Few questions/thoughts: - What kind of overheads do you have right now with calling this API?

- What scales have you pressure-tested this with? Demo seems to show few 100s of embeddings. Selfishly, I'd like to see a demo of handling 10M+ vectors to be reasonably certain that any company can truly build infrastructure in this context. I guess I'm more interested in the out-of-core applications where I can really shove all my data in here, and see if the system can handle it.

- (dovetails with the previous one): What kind of access patterns are you seeing today, more indie developers pushing few 1000s of vectors into a DB or some heavy users pushing 100K-1M+ vectors.

- Less of a question, but one thought would be to partner with labeling companies to automatically fine-tune embeddings as part of a single embeddings-management platform.

- Would you eventually look to build your own vector DB + metadata / features stores as part of the long-term strategy or try to integrate with existing ones?

jamesmcintyre · 2 years ago

EDIT: never mind, I didn't read your whole post, looks like you guys are working on an opensource option. Great!

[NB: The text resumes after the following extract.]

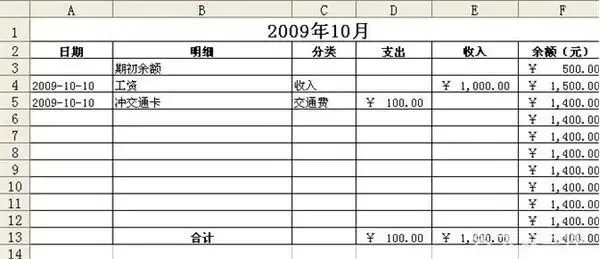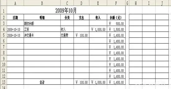 好啦,基本的框子就出来了。大家可以在上面记账了。

Metal looks awesome. I've been comparing vector db solutions so your simple/abstracted sdk looks awesome. One thing I'd mention is with a solution like this that could be so critical to an apps functionality (and therefore so integrated into various parts of the app) I'd love to see that your team is vowing to give some sort of opensource self-hosted option. I want to root for any startup that is letting devs move faster in this area but there's a fear of committing to a solution that may pivot or be acquired/discontinued. Maybe even vowing a "safe-exit" for customers like I think rethinkdb did.

Good luck, looks awesome!

We agree with the sentiment; we’re currently figuring out the pieces we want to open source, as much of it is just infra (like the ingest pipeline). But the search server and some of our future work around memory will get open-sourced first.

m1117 · 2 years ago

This is similar to Pinecone/milvus, correct? What's the advantages of this compared to Pinecone/milvus?

We see ourselves a layer above vectorDB; we use Redis to index the data. We focused on building the ingest pipeline and operations on top of the embeddings, such as clustering and fine-tuning (embedding customization). Ultimately we want to provide the best developer experience possible, and we believe much work is needed here!

ChocoluvH · 2 years ago

haha. That case you might actually wanna consider FAISS/Milvus instead of Redis.

Ozzie_osman · 2 years ago

I think those assume you already have the embedding vector calculated, and they just store and retrieve the vectors.